Future Strategic Initiatives
Looking ahead, we identify several areas of strategic importance to the industrialization of AI in Sweden. Although AI Sweden currently focuses primarily on Natural Language Understanding, Decentralized AI, and Information-driven Healthcare as our three strategic initiatives, the following areas will be key moving forward. Don’t hesitate to get in touch if you want to be a part!
Complex systems management
A large part of the potential value of AI lies in making operations and processes more effective, such as better resource use in cloud and telecom systems, more efficient supply chains and production, and better diagnostics and resource management in healthcare. Automation of these systems typically rely on both data driven methods for example for anomaly detection, diagnostics, root cause analysis, and demand forecasting, and capacity and resource planning and scheduling.
The intersection of machine learning and operations research has the potential to make many industries and organisations dramatically more efficient, not least medium-sized companies. As this type of application is central in Sweden, both industry and public sector, we are looking at coordinated initiatives to build and share competence, knowledge and platforms.
Privacy preserving solutions
When and how to share data and information is a central question for all companies and government agencies working with data driven methods - one prominent example is healthcare facilities and hospitals. While there might be immense value in data outside of an organization that controls it, dissemination is often very difficult due to privacy concerns (the data might contain e.g. personal information) or concerns about how much that data might divulge about the business and what competitive advantage it provides.

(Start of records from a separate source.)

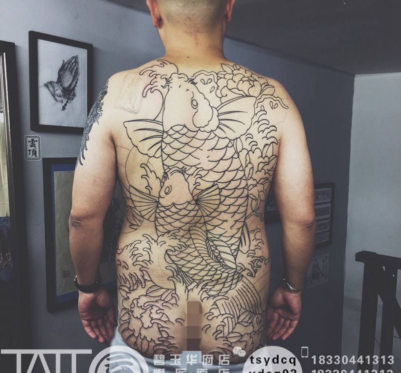 老传统鱼 未完待续纹身图片_成品背部传统动物原创纹身图案
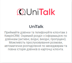 Інструкція з підключення та налаштування інтеграції UniTalk та KeepinCRM
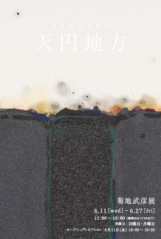 「天円地方」。天は円く、地は方形であるという古代中国の宇宙観。このたび、これをテーマとした新作による菊地武彦展を開催いたします。天に向かうかと思えば引力に導かれ地を目指す黒い線。そこから湧き出たいくつかの点や色。それらは二極化されたものを一体化させようとする、彼の言葉にならない幾層もの心情が託されたかのようです。
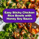 Keywords: Sticky Chicken Rice Bowls, Honey Soy Chicken, Easy Chicken Dinner, Asian Chicken Recipe, Chicken Thighs, Jasmine Rice Bowl
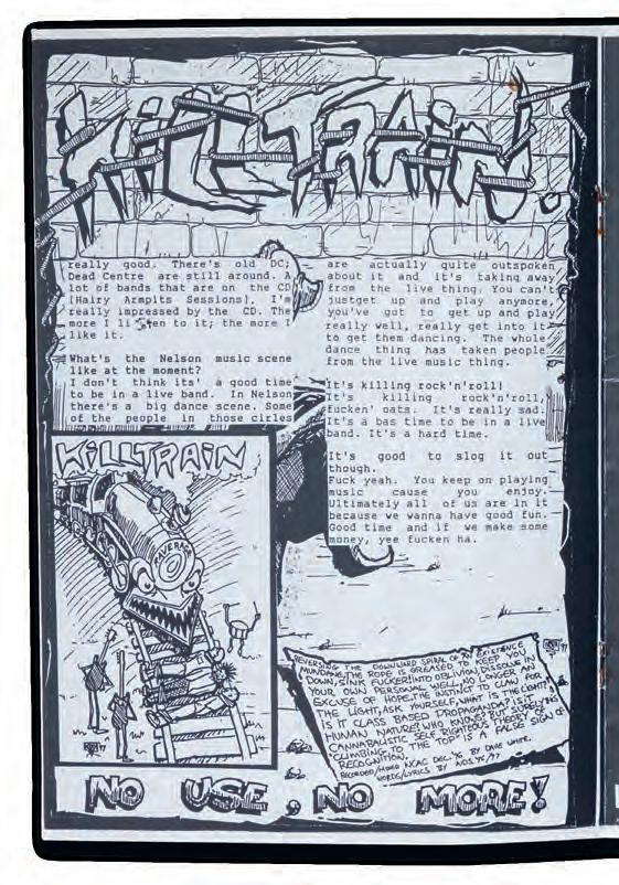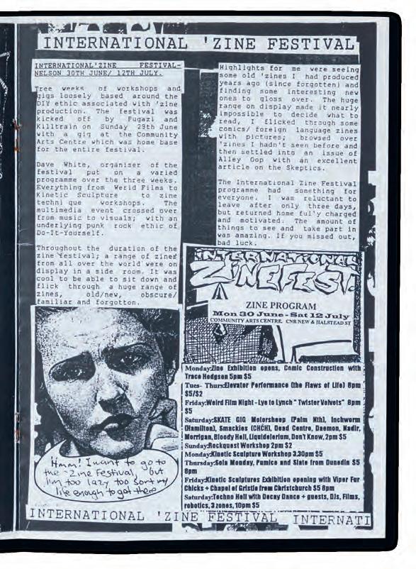 judge and he says ‘Dave Hegan’s pleaded guilty to burglary’, and I’m like ‘What!? This is news to me.’ Life changed really dramatically. I got a year’s probation and I got sent to drug rehab, which was actually a good thing because I was doing a Sid Vicious — crash and burn, die young. I ended up coming back to Christchurch to live with my mum. It’s weird, you’ve got to sober up before you go to drug rehab. At least that’s how it was back then. You had to have a few weeks clean before you could go to Queen Mary Hospital in Hanmer. It made sense for them. There was six months of drying out in Christchurch before rehab. All of a sudden I had all this time on my hands because all I’d been doing was getting wasted, hitchhiking around the North Island and going to gigs, so that’s when I decided to do a zine. I was really into all the bands and the politics and stuff, so I just started posting interview questions off to bands and asking all my mates if they wanted to contribute. I had all this energy. I was also screenprinting and all sorts of other stuff. I got out of rehab in November ’89 after six weeks, and then I published my first zine in early 1990.

To gain full value of AI and data driven methods in Sweden, we need to find ways to work with sensitive data in a Swedish context. This means not only developing and understanding methods for privacy-preserving data- and model sharing, but also legal aspects and best practises when collaborating and implementing AI solutions. As such, privacy preserving AI is a key area for accelerating AI in Sweden on a systemic scale.
With increased collaboration around real-world AI applications, the ability to combine and reason over data from different industrial and scientific domains is becoming steadily more important. Similarly, new AI applications are more and more relying on multiple types or modes of data to be able to reach reliable performance. It is often no longer enough to only leverage text or structured data, but a combination of such data sources with e.g. images, video, and knowledge graphs is crucial to extract all necessary information. Furthermore, several critical components of larger AI systems such as reliable speech-to-text exist specifically across several modes of data.
To help develop these components in collaboration and to expand our ability to work together on important applications, multi-modal insights will be one of our strategic areas going forward. Expanding on our work within applied language technologies, we will catalyse high-value applications spanning several data modalities, tackle key research and technical challenges, and develop best practises for collaborative multi-modal applications.